YOUR INSTRUCTIONS — The output should be every line below, retyped exactly, with no images.

GIVEN MATERIAL —
-*-

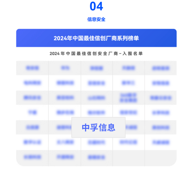 本次最佳信创厂商系列榜单,包括综合榜、细分行业榜、优秀案例榜三大类。第一新声基于大数据优势,并通过调研问卷、电话访谈等多种形式,收集企业数据信息,建立独家评选指标体系;同时邀请甲方企业高管、产业专家、一线投资机构合伙人等专家担任评审,从业务数据、财务数据、产品能力、服务能力、市场影响力等多维度展开评选,最终评选出相应榜单。此次入围名单主要为「细分行业榜」,「2024年中国最佳信创厂商TOP50」及「2024年中国信创厂商优秀案例榜」将在6月的最终榜单中正式发布。中孚信息凭卓越的技术经验,实力入围【2024年最佳信创安全厂商】榜单。
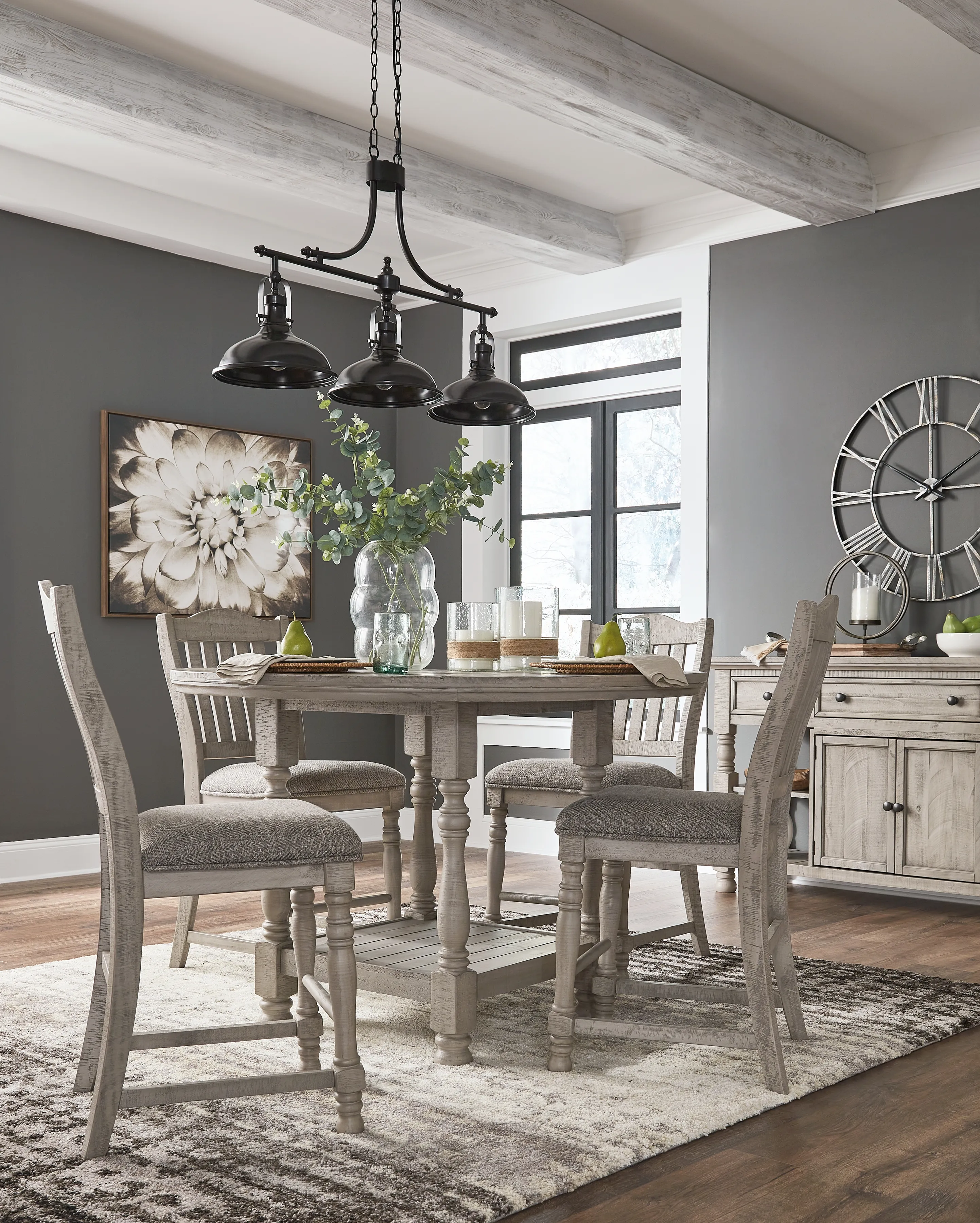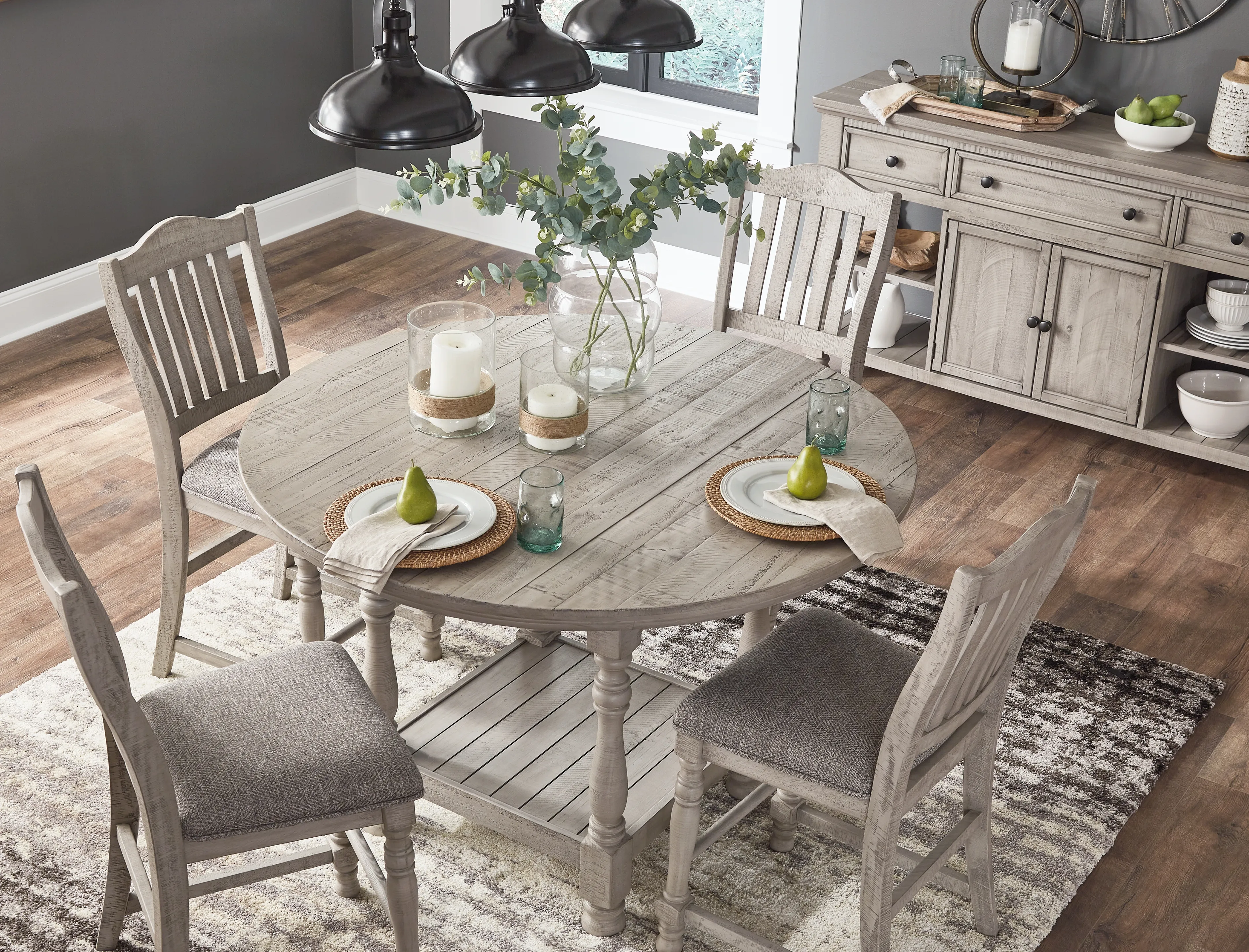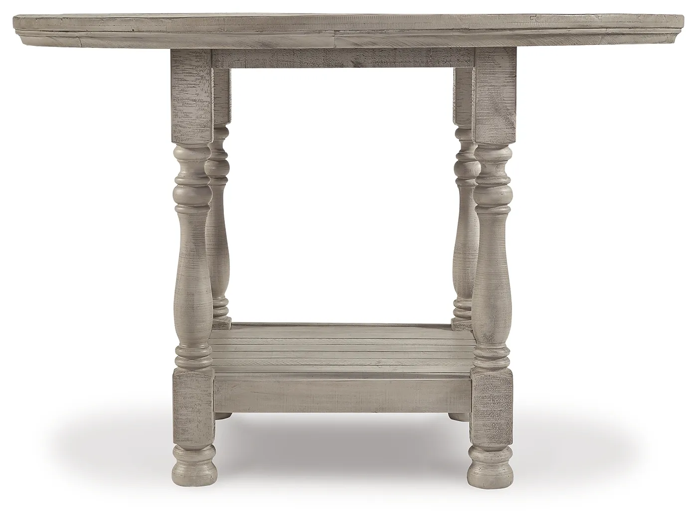 Embrace the feel of a mansion in the countryside when you revel in the romance of this round counter height table. With its detailed posts and weathered gray finish, the table has a sense of timeless beauty. A lower shelf provides a picturesque finishing touch.
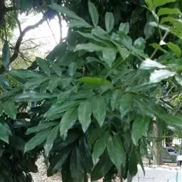 树皮灰色或灰黑色;木质部有粘液。幼枝被淡褐色短柔毛,渐变无毛。奇数羽状复叶,长16-22.5厘米;叶柄长2-3.5(6.5)厘米,叶轴长2.5-9厘米,叶轴在最上部一对小叶处延长0.2-2.6厘米生顶小叶;小叶3(-4)对,薄革质,披针形,长12-15厘米,宽约4 (-5)厘米,先端钝或渐尖,两面均无毛,侧脉5-7对;小叶柄长3-6毫米,有凹槽及短柔毛或近无毛。

-*-

TASK SOLUTION —
 本次最佳信创厂商系列榜单,包括综合榜、细分行业榜、优秀案例榜三大类。第一新声基于大数据优势,并通过调研问卷、电话访谈等多种形式,收集企业数据信息,建立独家评选指标体系;同时邀请甲方企业高管、产业专家、一线投资机构合伙人等专家担任评审,从业务数据、财务数据、产品能力、服务能力、市场影响力等多维度展开评选,最终评选出相应榜单。此次入围名单主要为「细分行业榜」,「2024年中国最佳信创厂商TOP50」及「2024年中国信创厂商优秀案例榜」将在6月的最终榜单中正式发布。中孚信息凭卓越的技术经验,实力入围【2024年最佳信创安全厂商】榜单。
 Embrace the feel of a mansion in the countryside when you revel in the romance of this round counter height table. With its detailed posts and weathered gray finish, the table has a sense of timeless beauty. A lower shelf provides a picturesque finishing touch.
 树皮灰色或灰黑色;木质部有粘液。幼枝被淡褐色短柔毛,渐变无毛。奇数羽状复叶,长16-22.5厘米;叶柄长2-3.5(6.5)厘米,叶轴长2.5-9厘米,叶轴在最上部一对小叶处延长0.2-2.6厘米生顶小叶;小叶3(-4)对,薄革质,披针形,长12-15厘米,宽约4 (-5)厘米,先端钝或渐尖,两面均无毛,侧脉5-7对;小叶柄长3-6毫米,有凹槽及短柔毛或近无毛。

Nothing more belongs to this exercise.